WHAT YOU SHOULD DO
Without including the pictures, copy out every line below.

DATA BELOW
++++++++++++++++++++

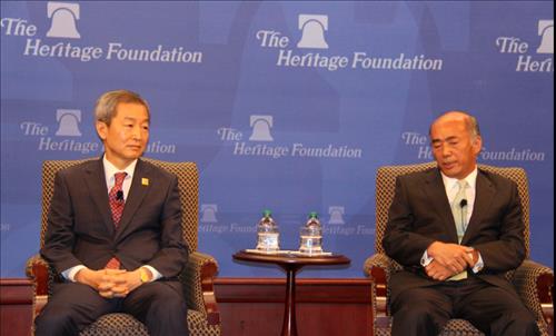 안호영 주미대사와 사사에 겐이치로 주미 일본대사는 8일(현지시간) 미국 헤리티지재단에서 열린 '대사들의 대화' 세미나에서 일본 산업혁명시설의 유네스코 등재에 대한 평가와 후속 조치를 놓고 첨예한 시각차를 드러냈다.
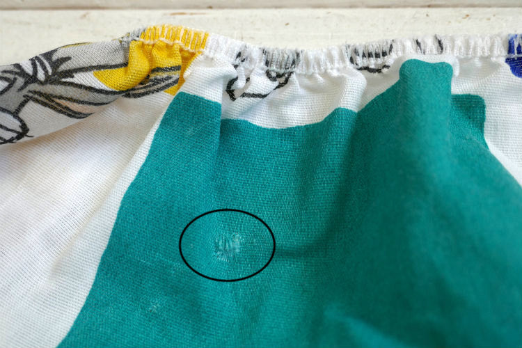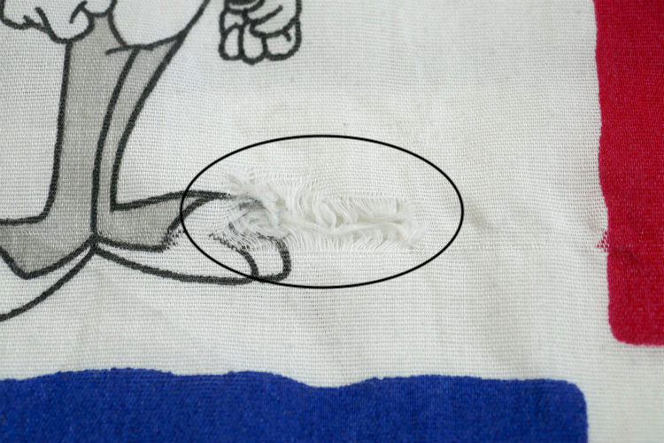 プリントの発色良く生地もしっかりしていますが、1〜2数カ所に小さなヤブレ箇所等ございます。
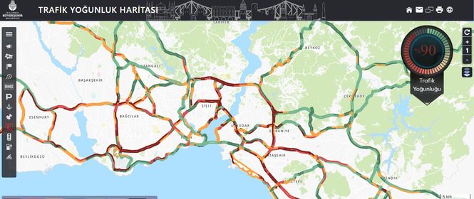 İstanbul Büyükşehir Belediyesinin CepTrafik uygulaması verilerine göre, kent genelindeki trafik yoğunluğu yüzde 90'a çıktı.
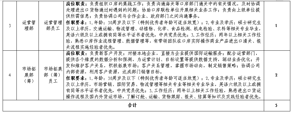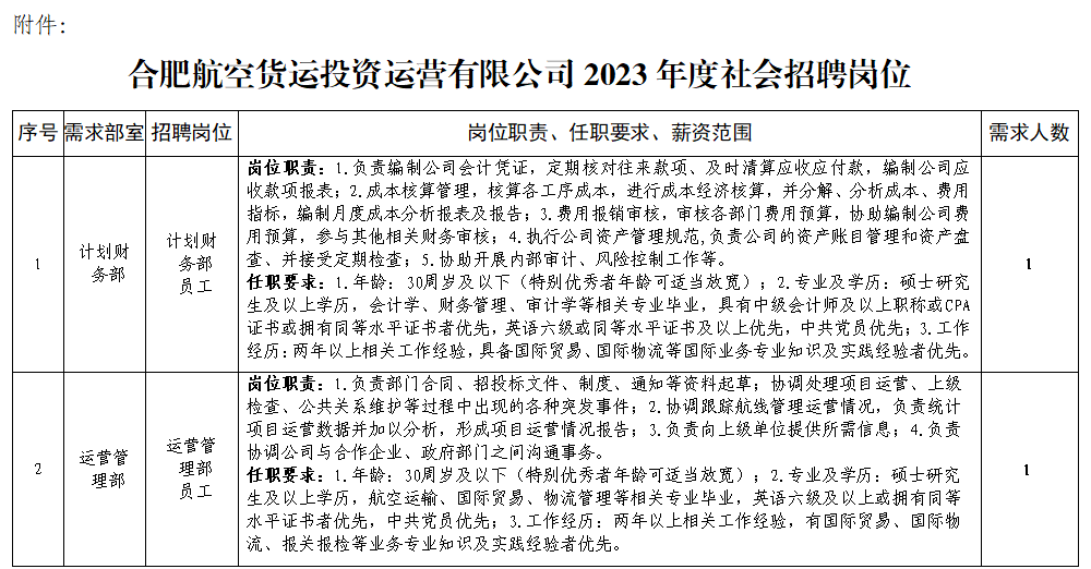 为满足公司快速发展需要,选拔优秀人才、完善人才队伍建设,根据合肥航投公司发展需要,现面向社会公开招聘5名工作人员。具体招聘事项公告如下:

++++++++++++++++++++

RESPONSE TO THE EXERCISE
 안호영 주미대사와 사사에 겐이치로 주미 일본대사는 8일(현지시간) 미국 헤리티지재단에서 열린 '대사들의 대화' 세미나에서 일본 산업혁명시설의 유네스코 등재에 대한 평가와 후속 조치를 놓고 첨예한 시각차를 드러냈다.
 プリントの発色良く生地もしっかりしていますが、1〜2数カ所に小さなヤブレ箇所等ございます。
 İstanbul Büyükşehir Belediyesinin CepTrafik uygulaması verilerine göre, kent genelindeki trafik yoğunluğu yüzde 90'a çıktı.
 为满足公司快速发展需要,选拔优秀人才、完善人才队伍建设,根据合肥航投公司发展需要,现面向社会公开招聘5名工作人员。具体招聘事项公告如下:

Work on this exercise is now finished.